Richard Sams, Ph.D., is director of HFL Sport Science, a Lexington, Ky., laboratory that performs drug testing for the Kentucky Horse Racing Commission and the Virginia Racing Commission, among other jurisdictions. It is one of two North American laboratories to have received accreditation from the Racing Medication and Testing Consortium (the other being the Kenneth L. Maddy Equine Analytical Chemistry Laboratory at the University of California-Davis).
Widely recognized as a leader in the field of equine drug testing, Dr. Sams previously headed the Florida Racing Laboratory at the University of Florida's College of Veterinary Medicine and before that was longtime director of the Analytical Toxicology Laboratory at the College of Veterinary Medicine at Ohio State University.
HFL Sport Science is a relatively new player in the equine drug testing field. What's the brief history of the company and your involvement with HFL?
HFL Sport Science, Inc. in Lexington, Kentucky was established by HFL Sport Science in Fordham, Great Britain, in 2010 to provide testing services for the Kentucky Horse Racing Commission. HFL Sport Science in Fordham has a long history of providing testing services for horse and dog racing in Great Britain having begun as the Horseracing Forensic Laboratory more than 40 years ago. The HFL laboratory in Fordham is one of the pioneering laboratories in anabolic steroid research in horses and dogs and is widely recognized for its accomplishments in these and other areas of investigation.
I was approached by HFL early in 2010 to become director of the Lexington laboratory. I was director of the Florida Racing Laboratory at the University of Florida at the time but was attracted by the opportunity to establish a new laboratory in Lexington with strong ties to the Fordham laboratory, to hire highly qualified and dedicated personnel, and to implement innovative testing methods using state-of-the-art instrumentation in order to serve the testing needs of the Kentucky Horse Racing Commission as well as others.
How did HFL so quickly become just one of two labs accredited with the Racing Medication and Testing Consortium?
Laboratory accreditation is a priority with HFL Sport Science at the Fordham and Lexington laboratories. Both laboratories have invested substantial human and financial resources in establishing a laboratory that is able to meet all accreditation requirements. Furthermore, we take pride in fostering a laboratory culture that embraces the principles of laboratory accreditation. These principles are practiced by all of our employees every day and not just during accreditation site visits.
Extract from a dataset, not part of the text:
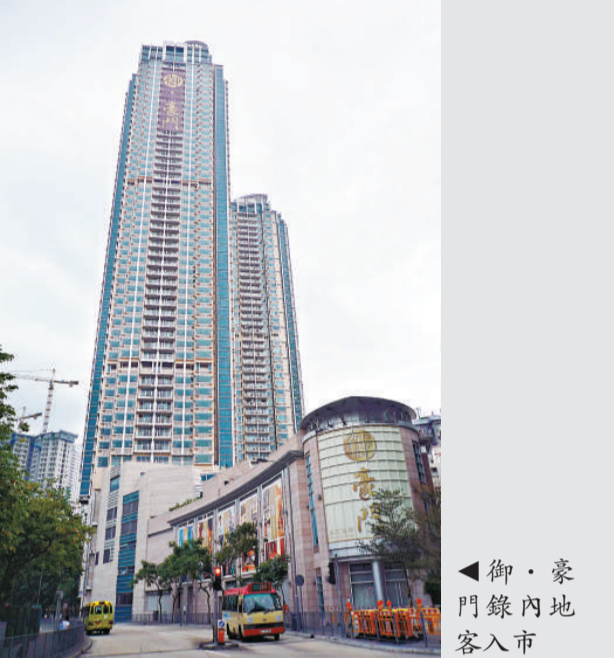
▲御·豪門錄內地客入市
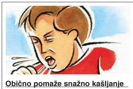
Obično pomaže snažno kašljanje

Ako osoba ima simptome teže opstrukcije dišnog puta a pri svijesti je:

Furthermore, we received considerable assistance and guidance from our colleagues at HFL Fordham and at our parent company LGC in preparing our accreditation application materials.
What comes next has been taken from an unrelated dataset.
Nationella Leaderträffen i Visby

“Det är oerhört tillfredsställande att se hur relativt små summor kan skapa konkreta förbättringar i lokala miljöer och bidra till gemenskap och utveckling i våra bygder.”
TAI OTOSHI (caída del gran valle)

What are the biggest changes in drug testing since you entered the field in 1977?
Testing procedures have changed dramatically in terms of specificity and sensitivity of detection since I began working in this area in the late 1970s. I have witnessed the introduction of newer approaches to testing that are characterized by dramatically increased sensitivity and specificity as well as the use of automation and high-speed data processing and data analysis.
Gas chromatography with electron capture detection and thin layer chromatography were the primary screening procedures available for my use in the Ohio laboratory from the late 1970s to the mid-1980s when the first ELISA tests specifically developed to detect drugs and related substances in urine samples from horses were introduced. Many laboratories quickly changed their testing programs to include a few to many ELISA tests in order to detect substances that were not detectable using thin layer chromatographic methods. For the past decade or so liquid chromatography with mass spectrometric detection has become the method of choice for screening test samples for regulated and prohibited drugs and the use of ELISA methods has declined steeply except in a few laboratories. The scope of coverage of prohibited and regulated substances that is possible with the use of instrumental methods of analysis cannot be duplicated by ELISA methods and is substantially less expensive per detectable substance. The specificity of instrumental methods of analysis is a distinct advantage because it is possible to learn the identity of a substance in the screening test.
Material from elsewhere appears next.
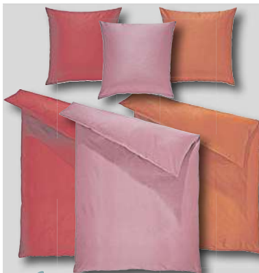
BIO:VIO SATIN-BETTWÄSCHE- GARNITUR 100% Baumwolle (Bio), CU 854856, mit Reißverschluss, ca. 135 x 200 und 80 x 80 cm. 43780111-03, 04, 08 30,- Ca. 155 x 220 und 80 x 80 cm 43780113-03, 04, 08 40,- Ca. 200 x 200 und 80 x 80 cm 43780114-03, 04, 08 50,-

When I joined the Ohio laboratory in 1977 many state racing commissions allowed the use of a number of therapeutic medications on race day without restriction. The focus of testing at that time was on the detection of stimulants and depressants as well as local anesthetic drugs and others that are performance enhancing or that have the potential to endanger the horse and rider.
Due to race day administration of permissive substances it was not unusual to receive urine samples that contained very large concentrations of substances such as phenylbutazone and to see evidence for the diuretic effects of furosemide in urine samples that were very dilute. Awareness of the effects of high concentrations of phenylbutazone and its metabolites on the detection of other substances and the effects of furosemide-induced diuresis on the detection of drugs in urine was recognized by racing officials in the early 1980s and rules were established by the National Association of State Racing Commissioners (NASRC, predecessor to the Association of Racing Commissioners International) in 1983 to restrict or eliminate race day medication. Much of the discussion regarding drugs in racing 30 years after these critical decisions by the NASRC still deal with the proper roles of therapeutic medication in racing.
Last weekend, the New York Times published results from an anonymous survey done by the World Anti-Doping Agency, which showed that 29% of track and field athletes at the 2011 world championships and 45% of those at the Pan Am Games admitted to illegal doping. What's your reaction to that story?
I was surprised that so many human athletes would admit to illegal doping and I wondered what U.S. horse trainers would report in a similar survey. I believe that most horse trainers do not consider the administration of therapeutic medications at any time to be a form of doping so the questionnaire would need to be worded correctly to differentiate the routine administration of regulated therapeutic substances from performance-altering substances.
How important is the relationship between the testing lab and a racing commission, in particular its equine medical director?
I believe that the relationship between the testing laboratory and the racing commission is one of the most important factors in assuring the integrity of racing. The relationship is one that must be based on mutual trust and respect. I feel that we have such a relationship with the racing commissions for which we have testing contracts and I work hard to maintain those relationships.
Who's winning the war in horse racing: those who are trying to get a chemical edge or the regulators and testing labs?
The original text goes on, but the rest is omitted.